The investigators concluded: “Pembrolizumab continued to show superiority over ipilimumab after almost 5 years of follow-up. These results provide further support for use of pembrolizumab in patients with advanced melanoma.” 

DISCLOSURE: The KEYNOTE-006 trial was funded by Merck Sharp & Dohme. Dr. Robert has served as a consultant or advisor to Amgen, Bristol-Myers Squibb, Merck, Merck Serono, Novartis, Pierre Fabre, and Roche.
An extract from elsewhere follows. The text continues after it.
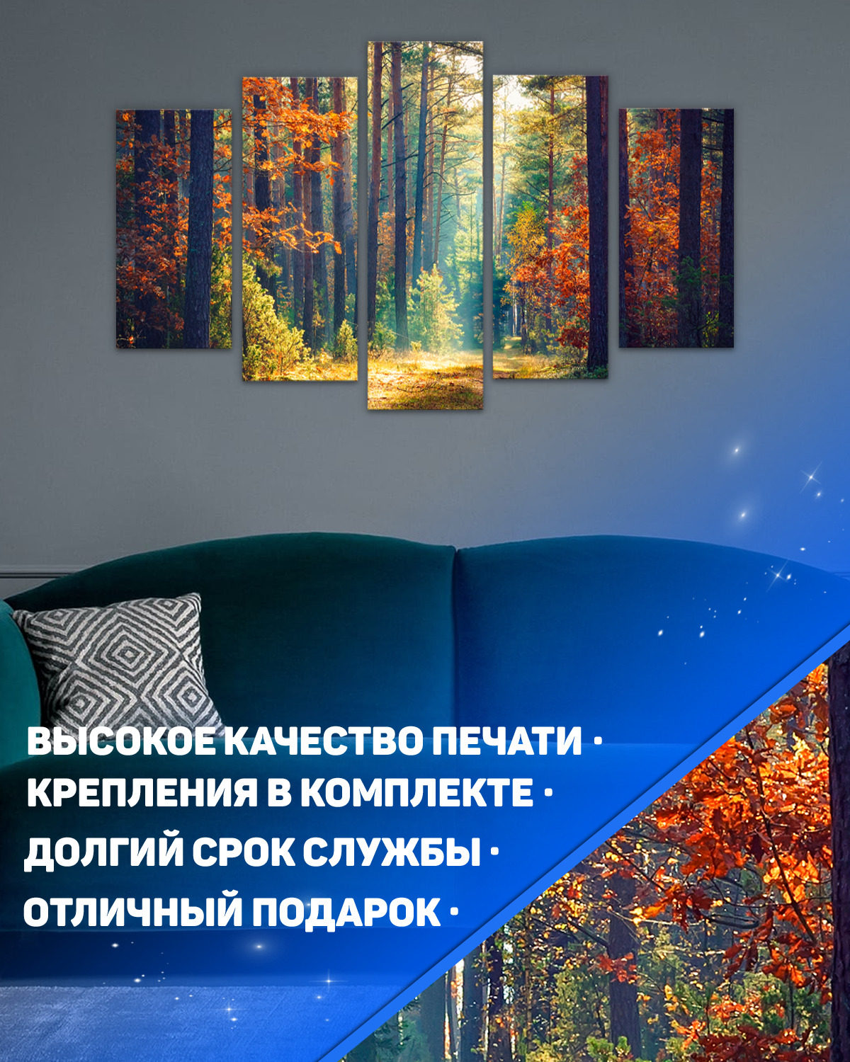 Модульная картина "Осенний лес" Большая Репродукция 80х140 md0097

For full disclosures of the other study authors, visit www.thelancet.com.

REFERENCES

1. Robert C, Ribas A, Schachter J, et al: Pembrolizumab vs ipilimumab in advanced melanoma (KEYNOTE-006). Lancet Oncol 20:1239-1251, 2019.

2. Schachter J, Ribas A, Long GV, et al: Pembrolizumab vs ipilimumab for advanced melanoma: Final overall survival results of a multicentre, randomised, open-label phase III study (KEYNOTE-006). Lancet 390:1853-1862, 2017.

3. Robert C, Schachter J, Long GV, et al: Pembrolizumab vs ipilimumab in advanced melanoma. N Engl J Med 372:2521-2532, 2015.